Je poussai avec précaution la porte, et entrai dans le Château Neuf. J’écoutai attentivement et sans faire le moindre mouvement au moins pendant cinq minutes… Rien!… je devais m’être trompé… Cependant je ne fis point craquer d’allumettes et, le plus silencieusement que je pus, je gravis l’escalier et gagnai ma chambre. Là, je m’enfermai et seulement respirai à l’aise…
Cette vision continuait cependant à m’inquiéter plus que je ne me l’avouais à moi-même, et, bien que je me fusse couché, je ne parvenais point à m’endormir. Enfin, sans que je pusse en suivre la raison, la vision de la silhouette et la pensée de Darzac-Larsan se mêlaient étrangement dans mon esprit déséquilibré…

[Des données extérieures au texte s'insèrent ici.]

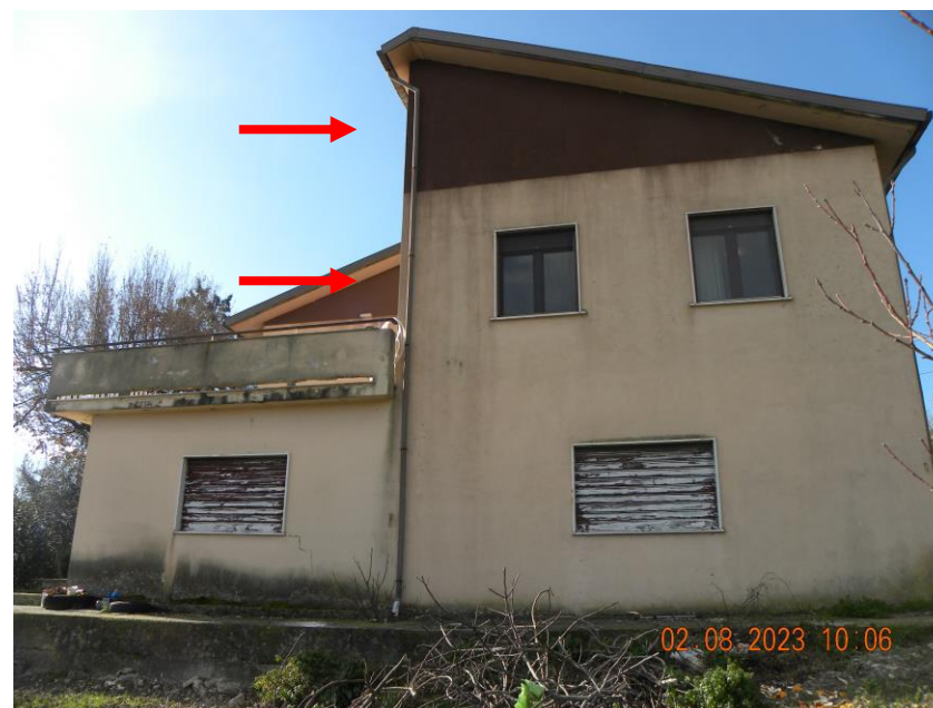
viste esterne sub 3 (1)

Si bien que j’en étais arrivé à me dire: je ne serai tranquille que lorsque je me serai assuré que M. Darzac lui-même n’est pas Larsan! Et je ne manquerai point de le faire à la prochaine occasion.
Oui, mais comment?… Lui tirer la barbe?… Si je me trompe, il me prendra pour un fou ou il devinera ma pensée et elle ne sera point faite pour le consoler de tous les malheurs dont il gémit. Il ne manquerait plus à son infortune que d’être soupçonné d’être Larsan!
Soudain, je rejetai mes couvertures, je m’assis sur mon lit, et m’écriai:
«L’Australie!»
Je venais de me souvenir d’un épisode dont j’ai parlé au commencement de ce récit. On se rappelle que, lors de l’accident du laboratoire, j’avais accompagné M. Robert Darzac chez le pharmacien. Or, dans le moment qu’on le soignait, comme il avait dû ôter sa jaquette, la manche de sa chemise, dans un faux mouvement, s’était relevée jusqu’au coude et y avait été arrêtée pendant toute la séance, ce qui m’avait permis de constater que M. Darzac avait, près de la saignée du bras droit une large «tache de naissance» dont les contours semblaient curieusement suivre le dessin géographique de l’Australie. Mentalement, pendant que le pharmacien opérait, je n’avais pu m’empêcher de placer, sur ce bras, aux endroits qu’elles occupent sur la carte, Melbourne, Sydney, Adélaïde; et il y avait encore sous cette large tache une autre toute petite tache située dans les environs de la terre dite de Tasmanie.